Friday, 30 December 2011

MOLARITY!

Hi everyone! So last class we learned about the molar concentration aka molarity of solutions.

Recall:
- solution = a homogenous mixture where one substance is dissolved in another
- solvent = larger quantity; dissolves the solute
- solute = smaller quanitity; it's the amount of solute being dissolved in a certain amount of solution



Why do we need to know molarity?
ANSWER: To compare the amount of solute dissolved in a certain volume of solution!

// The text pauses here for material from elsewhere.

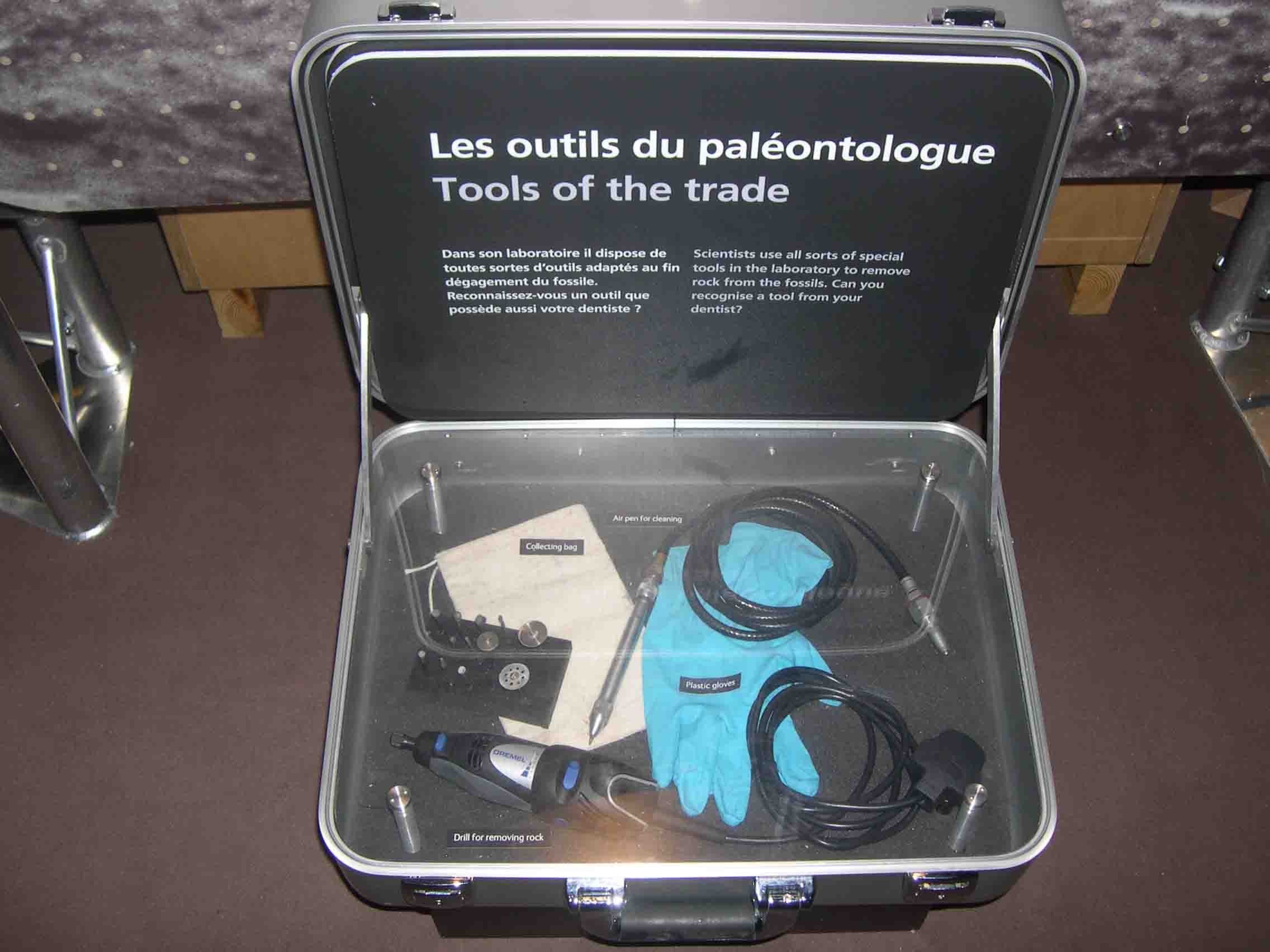 En effleurant la table les enfants peuvent débarasser le chantier et révéler des ossements (grosse réussite: pas de risques de se taper sur les doigts, pas de possières, remarquable objet didactique approprié à ce genre d'expo, avec tous mes compliments au concepteur)

"Molar Concentration" (aka molarity) is the number of moles of a solute in 1 litre of solution

  • measures the concentration of solute in the solution
  • "M" is the symbol we use to represent molarity
  • "mol/L" is the unit


There are 3 different formulas (but as long as you know one, you can find the others):

1) MOLARITY = Moles/Litres
2) LITRES = Moles/ Molarity
3) MOLES = Molarity x Litres


Let's see some examples! 

1) Calculate the MOLARITY of a 1.5 L solution that contains 0.24 moles of HCL.

    Formula: M = mol/L
                  M = 0.24mol/1.5L
                  M = 0.16M of HCL

2) Calculate the concentration of 60 mL solution that contains 0.075 moles of NH4Cl. 

    Formulas: M = mol/L
                   M = 0.075mol/(0.060L)
                   M = 1 M  

3) What is the mass of solute for 125mL of 0.25 M Ba(NO3)2?

    Formula: mol = L x M
                  mol = 125mL x 1L/1000mL = 0.125 L
                  mol = 0.125L x 0.25 M
                  mol = 0.03125 mol Ba(No3)2 
                  0.031 mol x 261.3g of Ba(NO3)2/ 1mol = 8.2g of Ba(NO3)2 

 4) What volume in ml of a 0.25 mol/L NaOH solution is needed for 0.050mol of NaOH?


   Formula: L = mol/M
                 L = 0.050mol/0.25M
                 L = 0.20 L x 1000 = 2.0 x 10^2 mL



Here is an informative video on molarity to further educate you guys!




Monday, 12 December 2011

to be hydrated or ANhydrated? (LAB 4C)

So, over the course of two classes, we've once again did a lab!! This time, it was all about finding the empirical formula of a hydrate!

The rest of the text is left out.